MacMaster is not entirely contrite, however, defending his pseudo-blog on the grounds that pretending to be an attractive Syrian lesbian was the only way he could get anyone to listen to his views on the Middle East. This is what he told Good Morning Scotland:

It was a fiction but the facts I was presenting about Syria, about Islam, about the Middle East, about all of these things are true. I really felt a number of years ago that in discussions on Middle East issues while living in the US, when I presented real facts and opinions, the immediate reaction to somebody with my name was ‘why are you anti-American, why are you anti-Jewish?

Getting that kind of reaction was distracting from the real focus. So, I invented a name to talk under that would keep the focus on the actual issue.


Even more interesting was a comment he left on the blog itself. "This experience," he writes, "has sadly only confirmed my feelings regarding the often superficial coverage of the Middle East and the pervasiveness of new forms of liberal Orientalism."

The chutzpah of the first part of that sentence is striking: the fact that he managed to hoodwink thousands of well-meaning people - and, for a time, much of the global media - becomes an opportunity to lament the "superficial coverage" of the media, rather than to reflect upon the distress he has caused. Amina may have begun as a sock-puppet for MacMaster's views, but she soon became far more than that: a person that other, real people cared about, campaigned for and, in one case, fell in love with. That's partly down to the quality of the writing - deeply moving in places - and the strength of MacMaster's empathy with the Middle East. But it's also a measure of the need people had to believe that someone like her existed.

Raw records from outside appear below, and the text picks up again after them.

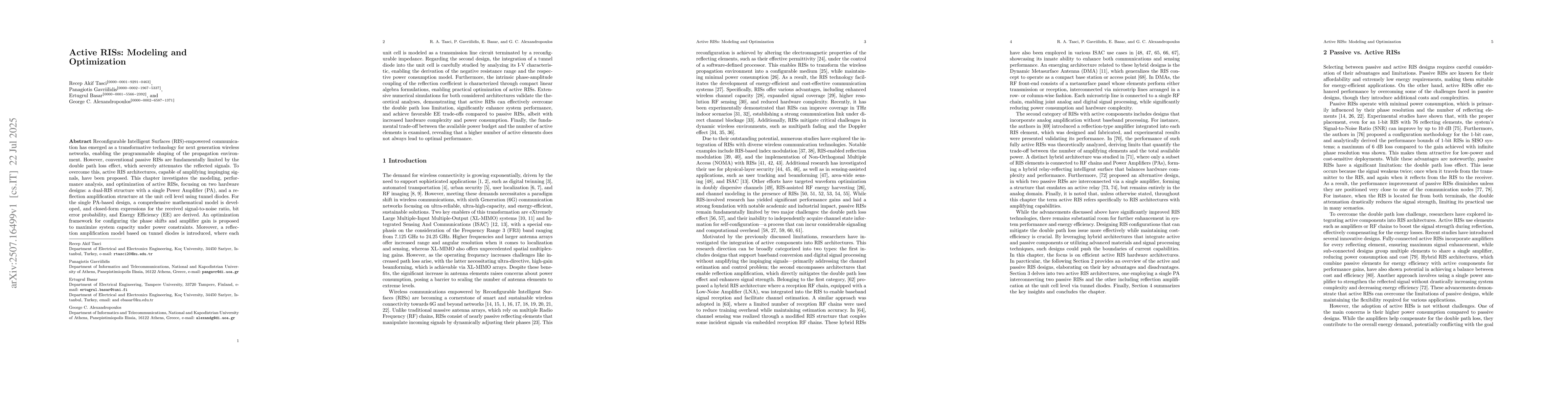 The paper introduces detailed modeling frameworks, architectural designs, and performance analyses for active RISs, addressing the limitations of traditional passive RISs.
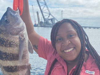 As her husband was pulling up the anchor with the boat in neutral, Cassini Williams reeled in this 22 inch, six pound sheepshead at the Trestles and the Twin Span Bridge on Nov. 11, 2020.
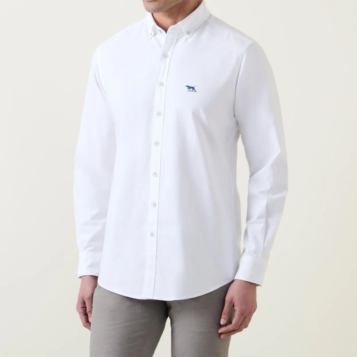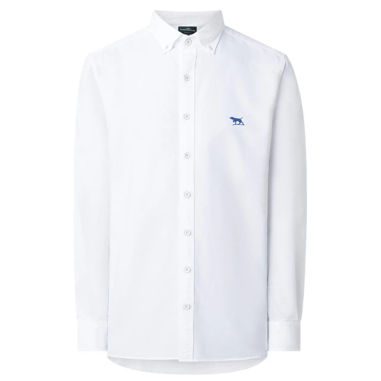 - Button-down collar, long sleeves, round buttoned cuffs, front button placket, box pleat, locker loop, logo detail
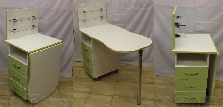 Когда же вы делаете стол своими руками, то ориентируетесь на индивидуальные размеры, можете сделать угловой или складной столик. Стол, изначально задумывающийся как маникюрный, впоследствии способен использоваться и для широкого спектра косметических процедур.
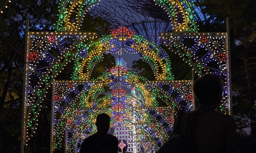 People are seen near the Christmas light installations at the "Christmas Wonderland" held in Singapore's Gardens by the Bay on Dec. 23, 2019. Photo:Xinhua
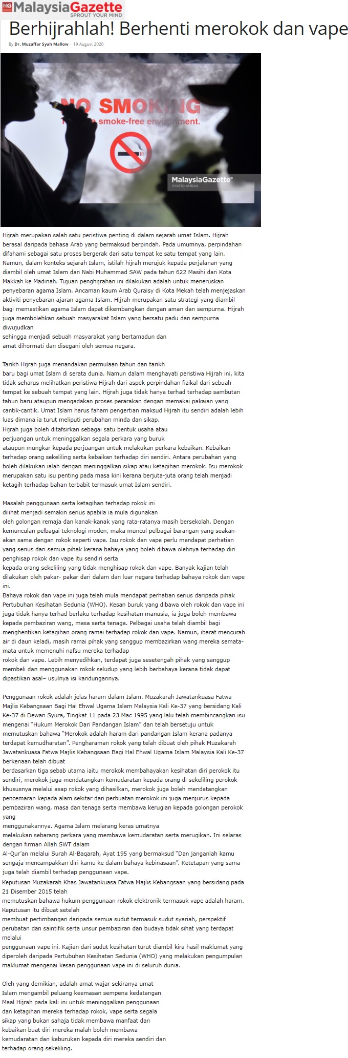 Berhijrahlah, Berhenti Merokok Dan Vape
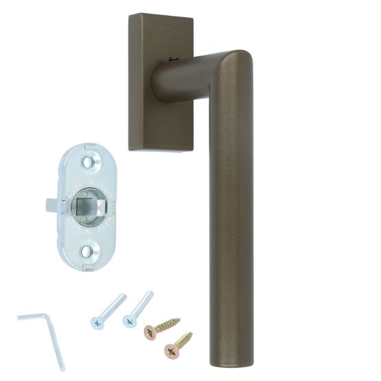 Dit is een draaikiepsluiting. Deze kunt u monteren op draaikiep ramen en deuren. (kiep kantel) De raamsluiting is van Formani uit de serie BASICS. Deze producten hebben als basismateriaal roestvast staal, voorzien van een brons kleurige coat.
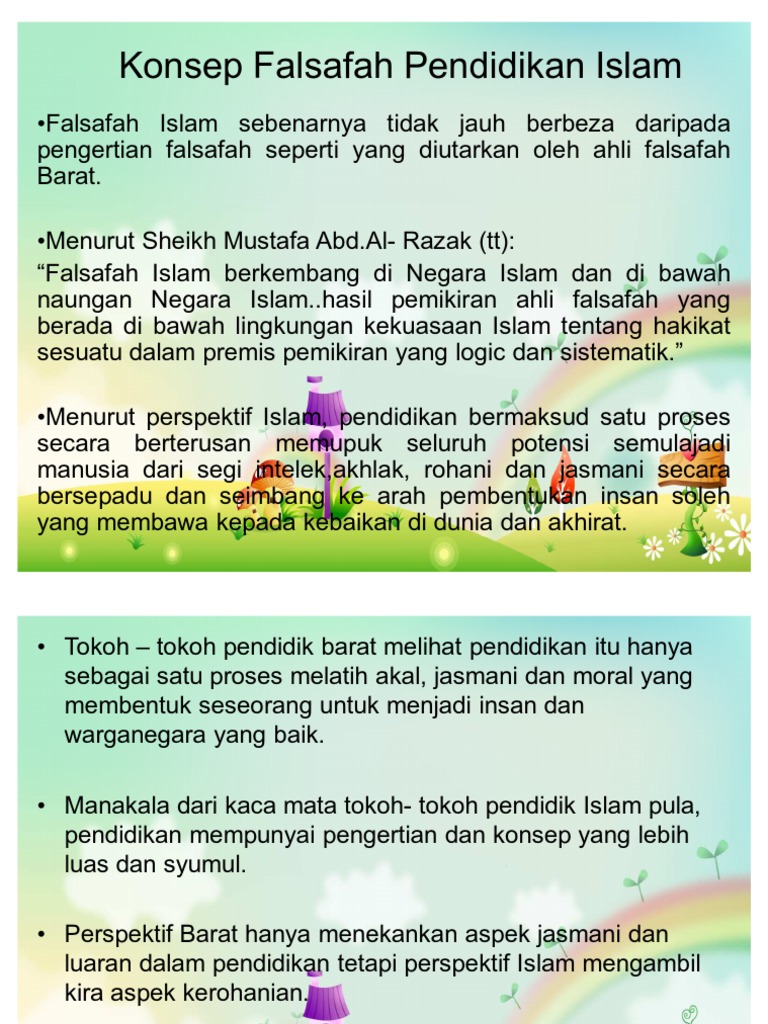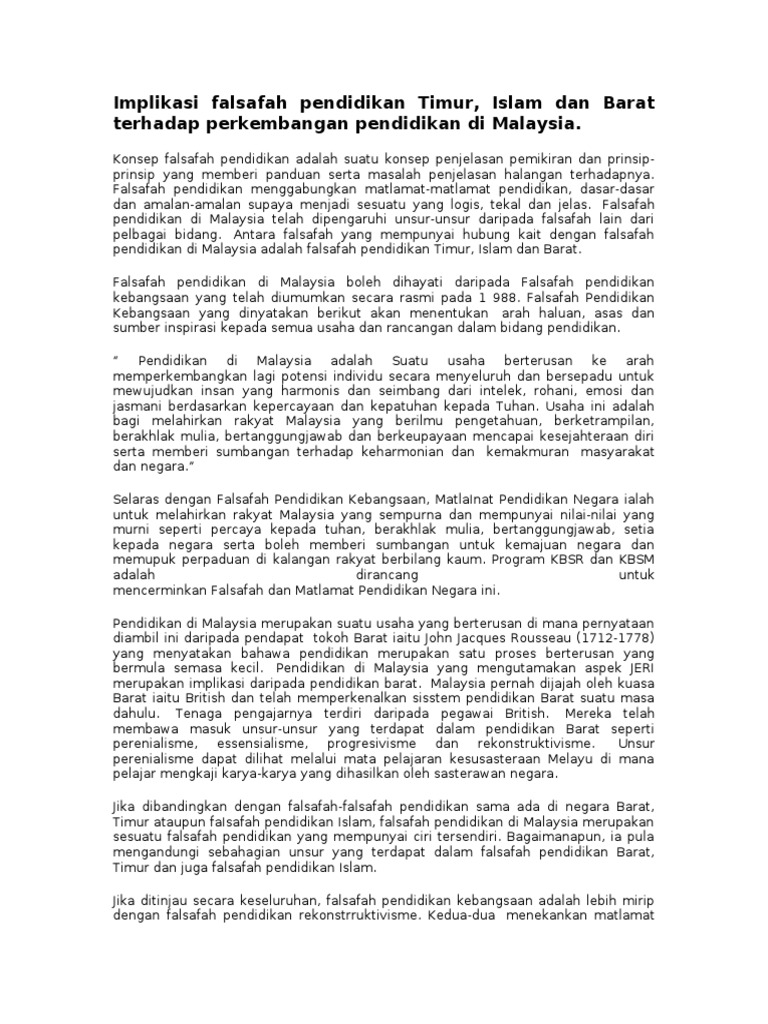 Konsep Falsafah Pendidikan Islam : 101 nasrudin razak, dienul islam, (bandung:. Kondisi layanan kesehatan dan keperawatan saat ini dengan falsafah. Falsafah pendidikan merupakan sesuatu yang sangat penting, kaena mengandung keyakinan berupa selain itu, falsafah pendidikan memberi petunjuk cara berbuat atau bertingkah laku yang baik dalam konsep pendidikan itu bersifat abadi, karena hakikat manusia tidak pernah berubah. Hal ini menunjukkan falsafah pendidikan islam yang berisi teori umum mengenai pendidikan islam, dibina atas dasar konsep. 7 falsafah pendidikan islam sifatnya adalah bersepadu, menyeluruh dan seimbang. Kesimpulan secara keseluruhannya falsafah barat ,islam dan timur mempunyai perbezaan yang ketara dari segi konsep, prinsip , kurikulum, peranan.
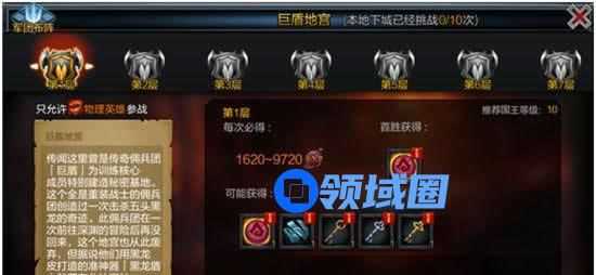 点击奇境界面的巨盾地宫、巫妖密窟、精灵深谷三大地下城,可以查看到该地下城的开放时间以及参战要求。
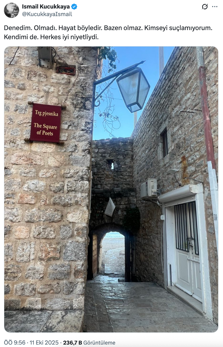 “Denedim. Olmadı. Hayat böyledir. Bazen olmaz. Kimseyi suçlamıyorum. Kendimi de. Herkes iyi niyetliydi.”
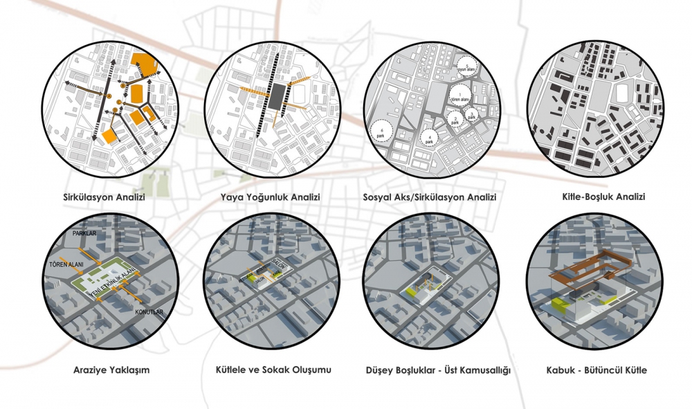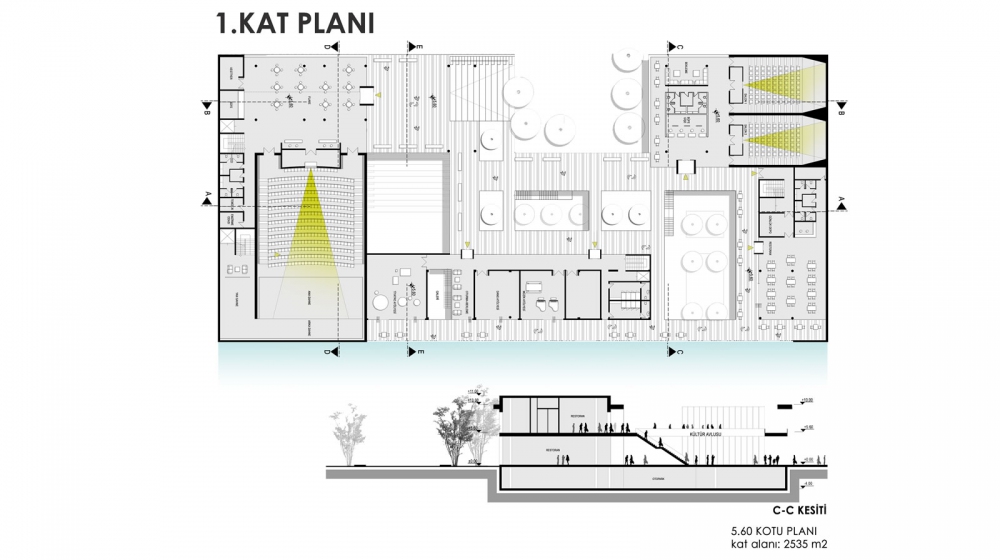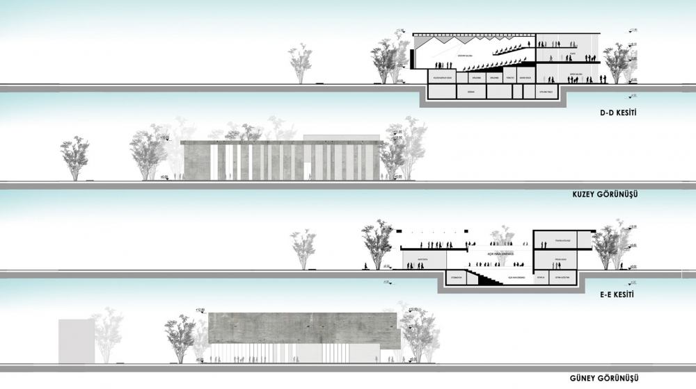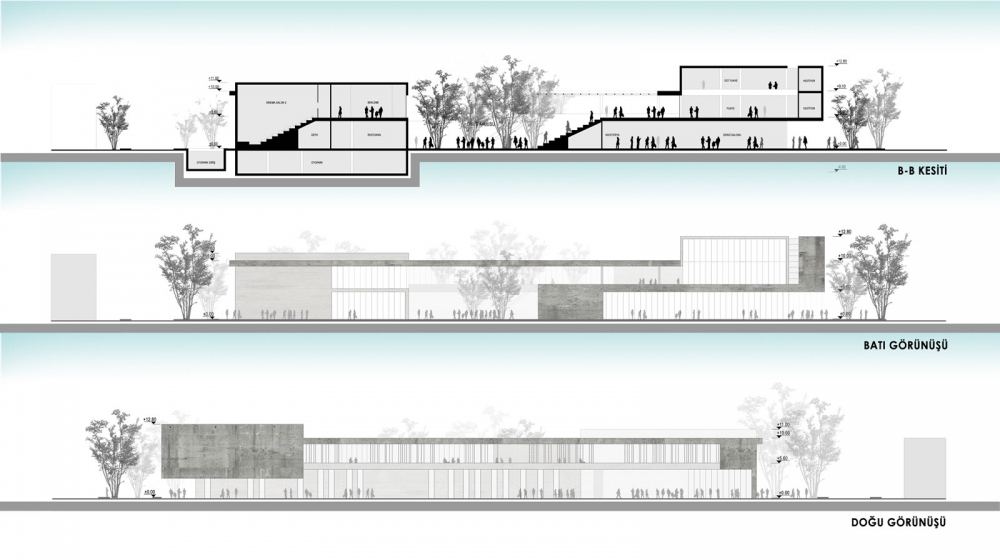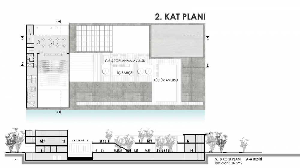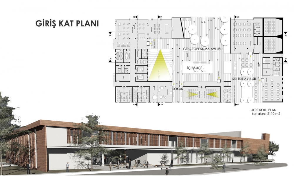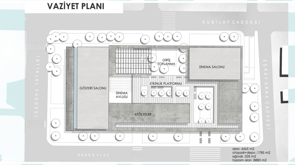 İlçe içindeki boşluklara referans veren kütle amfi, saçak ve üst örtüyle ana arter olan Kubilay Caddesine bakarken; kent balkonu, avlu ve platform gibi mimari elemanlarla çevredeki konut dokusu içerisindeki potansiyeli açık alanlara bakmaktadır. Yapı zemin ve 1. kat seviyesinden boşaltmalar yapılarak çevreyle ilişkilenme potansiyeli arttırıldı. Restoran, sinema, atölye, gösteri salonu gibi kamusallığı arttıran etkinlik mekânları peyzaj ve üst platformlara açılarak alanın kamusallığını arttırmıştır. Zeminde oluşturulan peyzaj üst kotlara da taşınarak yapı içerisinde yeşil dokulu etkinlik alanları oluşturuldu.

I think MacMaster's hoax went beyond mere publicity-seeking or thoughtlessness, and became an attempt to skew the international debate and exacerbate an already dangerous situation. The clue to what he was playing at lies in the phrase "liberal Orientalism". It's not clear what liberal orientalism he thought he was exposing - perhaps it was the concern some (but not all) western liberals display for the plight of gay people and women in repressive Islamic societies. A perception which, of course, made "Amina" such a brave and representative heroine. It's even possible that he was deliberately creating a character who would prove irresistible to Western liberals, someone around whom they could unite - as indeed, for a time, they did.

MacMaster's own brand of liberal Orientalism, however, seems to have been of a different order - the celebration of an idealised Islamic society characterised above all by tolerance, pluralism and freedom. A picture entirely at odds with the burkhas and beheadings image perpetuated by that other sort of "orientalism" that sees Islam as irredeemably backward and savage.

In a very telling post published on 1st June - a few days before Amina "went missing" - MacMaster/Arraf drew a contrast between "their Islam" and hers. "Their" Islam - the caricature associated with, say, Geert Wilders or the Daily Express - was

an image of a religion based on the worst cultural practices of a few dozen lands muddled together and confused with the religion, of selected quotations taken out of context or wholly fabricated, of fantasy masquerading as reality.

Whereas "her" Islam was

sitting at the feet of the Sheikha (our Islam has sheikhas as well as sheikhs!) as she explained that it was perfectly natural to desire other women; chastity was what mattered, not the object of desire. Our Islam discussed sexuality as a healthy and normal part of humanity, a religion for real people, not reserved for ascetics.



It's true that Syrian Islam is fairly liberal - certainly when compared with Saudi Arabia. But it isn't that liberal. Homosexuality remains illegal in the country. More to the point, the religious tolerance for which the country is rightly famed has much to do with the secularism enforced by the Assad regime. This secularism is partly pragmatic: Assad's power-base comes from the minority Alawite sect, and the regime has maintained itself with the support of other minorities, including Christians.

The leaders of Syria's ancient churches have been notably silent about Assad's human rights abuses in recent weeks, and some have been cheerleaders for the government. They continue to support a muderous regime because they are terrified that if the Ba'athists fall their own freedoms will be lost too. That Sunni majority rule would mean the oppression of minorities.

It is already starting to happen in Egypt, where recent weeks have seen an upsurge in violence against Coptic Christians (a community whose rights were being eroded, in response to Islamist campaigns, even under Mubarak). Christians, though, have less to fear from Islamic radicalism than do gay people. It's not a comforting thought - that the toppling of a brutal dictatorship might lead to new types of oppression for members of vulnerable minority groups. Where is a well-meaning liberal - orientalist or otherwise - to turn?

Easy. To an attractive, proud, openly gay, loyally Muslim woman who supports the revolution. A shame, then, that unlike Belle de Jour she really did turn out to be nothing more than a male fantasy.